Distribuição das válvulas da veia safena magna e sua importância prática

Isabella Batista Martins PortugalI; Igor de Lima RibeiroI; Célio Fernando de Sousa-RodriguesII; Rodrigo Freitas Monte-BispoIII; Amauri Clemente da RochaIII

DOI: 10.5935/1678-9741.20140038

ABREVIAÇÕES E ACRÔNIMOS

CPB: Cardiopulmonary bypass

DM: Mean diameter

GSV: Great Saphenous Vein

LCS: Left coronary system

LITA: Left internal thoracic artery

MAA: Without ascending aorta

UNCISAL: State University of Health Sciences of Alagoas

INTRODUCTION

Among the materials used for revascularization, the veins can be used in various parts of the body. Among them, the great saphenous vein (GSV) is the first choice. Its use as an implant during coronary artery bypass surgery and lack of being affected by varicose disease has aroused the interest of researchers. This vessel remains an essential component in strategies for coronary artery bypass grafting in humans. The vessel is used alone or in combination with arterial grafts and has the advantage of being available autologous vascular tissue in most patients in need of such surgeries[1]. Its use in composite graft with the left internal thoracic artery (LITA) could allow complete revascularization of the left coronary system (LCS) without a cardiopulmonary bypass (CPB) and without ascending aorta (MAA) in order to reduce some risks and complications in the immediate postoperative period. The autologous saphenous vein also remains a nearly ideal prosthetic element be low the inguinal ligament. That, depending on the outcome of patients in the progression of atherosclerotic disease especially in the revascularization of the tibia arteries, because they tolerate more flow limit[2].

Knowledge of the presence and location of valves is of great importance when assessing the surgical anatomy of the GSV. Generally, the valves are located along the vein and immediately below the mouth of major tributaries. Almost always, one or two valves are present in its termination or mouth. The GSV has often an ostial or ostial valve and a subostial valve. Knowledge of the presence of these valves makes us better understand the pathophysiology of trunk varicose veins of the GSV, since insufficient ostia valves can cause the appearance of these anomalies[3]. Another important role of valves, the saphenofemoral junction, for example, is to prevent the flow of popliteal[4], or femoral veins.

This vein begins above the medial malleolus, ascends obliquely, and passes postero - medially to the medial condyle of the tibia and femur and along the medial aspect of the thigh through the saphenous gap[5]. It has numerous valves that are irregularly distributed throughout its length[6]. The GSV has 10 to 12 valves, which are more numerous than the leg at the thigh. These valves are usually located just below the veins sections[7]. The blood drained by the venous system of the lower limbs flows back to the heart through the thick veins and is maintained by unidirectional valves, usually bicuspid, which close as its contents move toward the center vein[8].

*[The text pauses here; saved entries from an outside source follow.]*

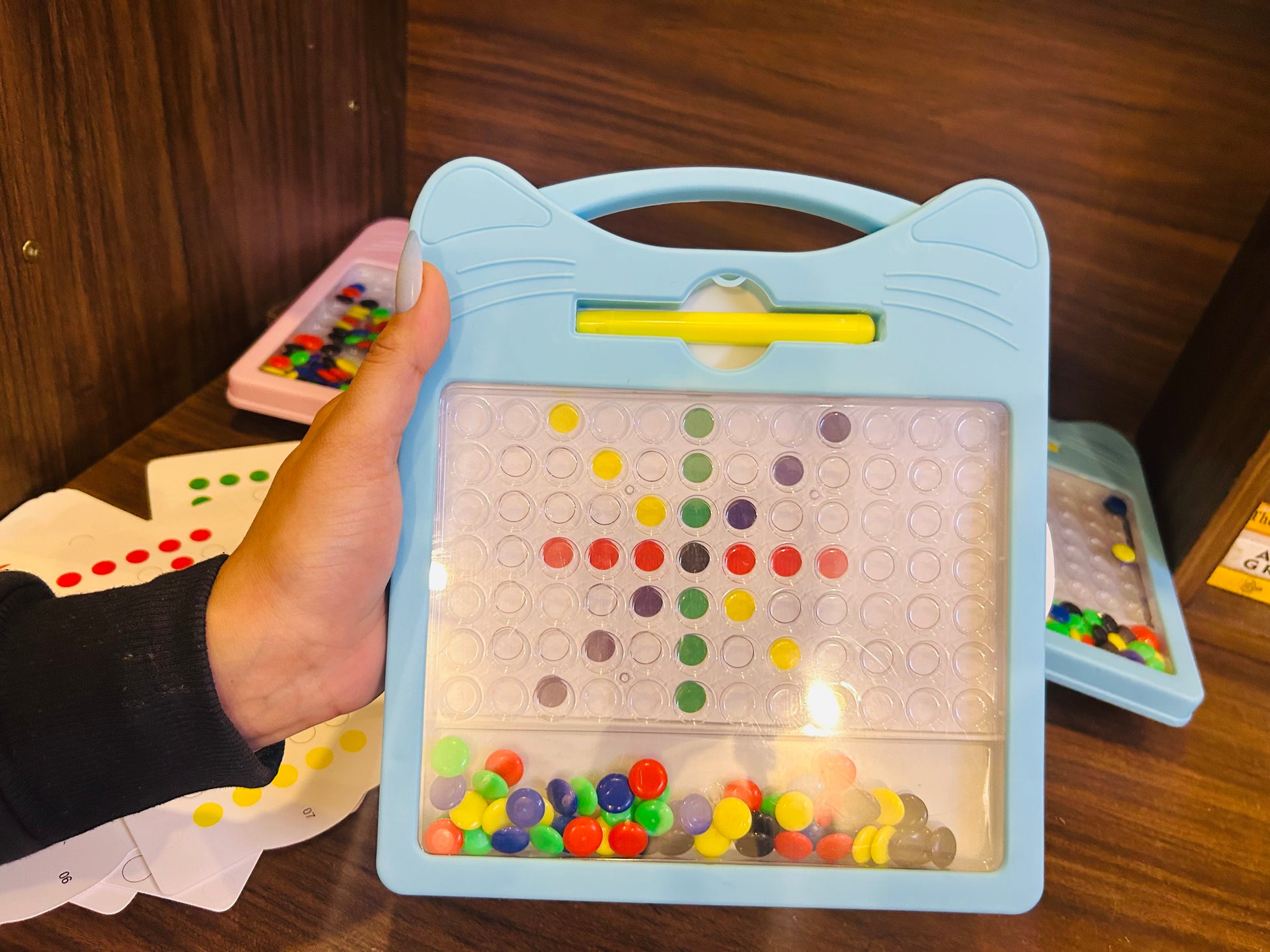 A Magnetic Magpad Dots stylus is the pen, the bead board is the paper, and your finger is the eraser. The pull of the magnet engages sense memory in early writing lessons. Improves hand eye coordination and learn colours and alphabets in a fun way.
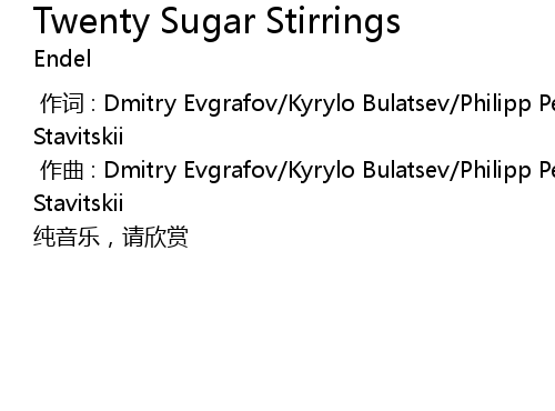 | [00:01.00] | zuo qu : Dmitry Evgrafov Kyrylo Bulatsev Philipp Petrenko Oleg Stavitskii |
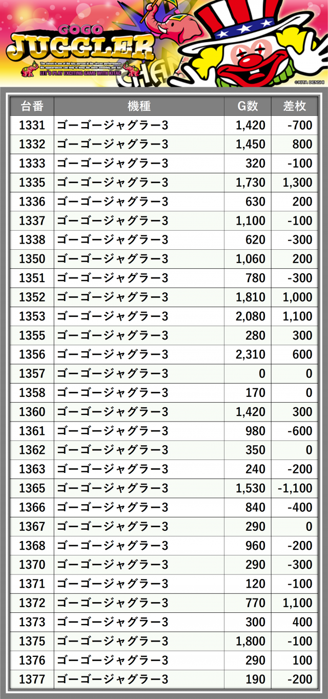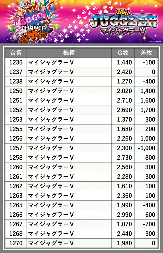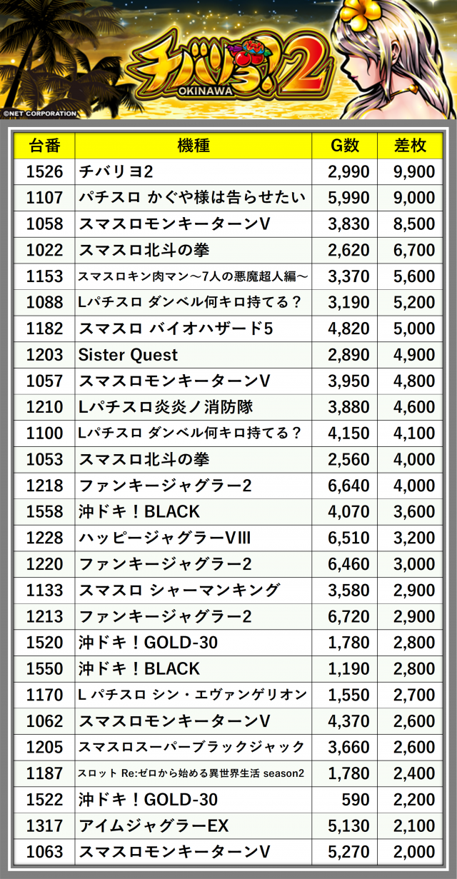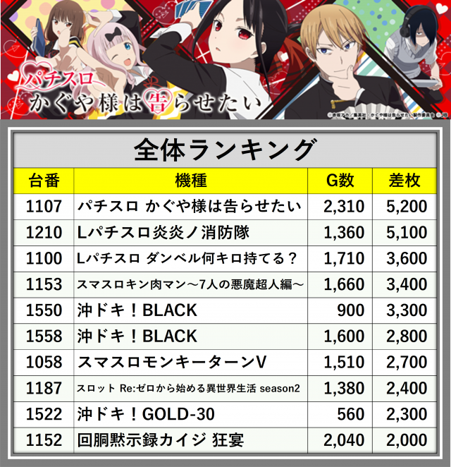 ※差枚数順に掲載しています
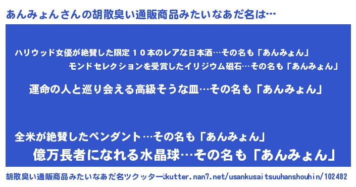 | 意味不明あだ名 | 『あんみょんフォーエバー』 |

Despite extensive surgical application and many works involving the GSV, the number of existing valves from the saphenous hiatus to the medial epicondyle of the femur is further described inaccurately. The objective of this study is to quantify the valves of the GSV from the saphenous hiatus until the medial epicondyle of the femur, dividing the GSV into three regions, comparing the number of valves between them and indicating the portion with fewer valves, thus determining the best portion GSV for performing CABG surgeries.

 

METHODS

In the transversal method and observational study, great saphenous veins were taken from 30 cadavers during autopsies at Alagoas Services and analyzed. These veins were excluded from the corpses with disorders that brought certainty to the study, namely anemia, varicose veins, previous surgery, deformities, obesity and mellitus diabetes. After approval from the Ethics Committee in Research of the Universidade Estadual de Ciências da Saúde de Alagoas (UNCISAL), and the signing of consent from the statutory bodies responsible, we measured the lengths of the thighs and their diameters in their proximal, middle and distal portions. After this, the dissection of the GSV by traditional techniques was performed by making a long single incision along the venous path from the saphenous hiatus to the medial epicondyle of the femur (Figure 1). The ends of the veins were labeled with cotton thread at the proximal long and short on the distal. They were then identified and stored in a refrigerator.

 

 

At The Laboratory of Descriptive and Topographic Anatomy of UNCISAL - Maceió (AL), the measurements of the variables of the length of the veins were performed; (diameter) at its proximal, middle and distal portions; quantification of the number of these valves and the total number of valves in the VSM. The measurements were made with the aid of tape measure and caliper manual mechanical METRICA®.

 

RESULTS

The average number of valves of the saphenous vein taken from the medial epicondyle of the femur to the saphenous hiatus is 4.82, and 4.77 in the left leg and 4.87 in the right. The analysis of the total number of valves in the GSV was performed by quantitative descriptive analysis with a sample of 60 veins, this being 30 from the right leg and 30 from the left, from 30 adult cadavers of both sexes. Of these cadavers, 21 were male and 9 female. All valves were observed to be bicuspid. The minimum amount found was 2 valves and maximum of 9. The average was 4.8167 with a maximum standard deviation of 1.6518 and minimum standard deviation 0.2132. The median of each portion is shown in Table 1. The value of the number of valves that occurred in more proximal portions was 2 and in other portions, 1. Comparing the mean diameter (DM) of the portions, it was found that the MD of the proximal portion of the left saphenous vein was 4.96 millimeters (mm) and 4.78 mm from the right, the left middle portion was 4.05 mm right and 3.86 mm, DM left distal portion is 3.42 mm and 3.23 mm from the right.

 

 

Analysis of the distribution of valves between the portions of the veins was performed by ANOVA with Tukey post-test. In both the left and the right, there was no significant difference in the number of valves between the middle and distal portions. However, there was significant difference in the number of valves in the proximal and distal relative to the average.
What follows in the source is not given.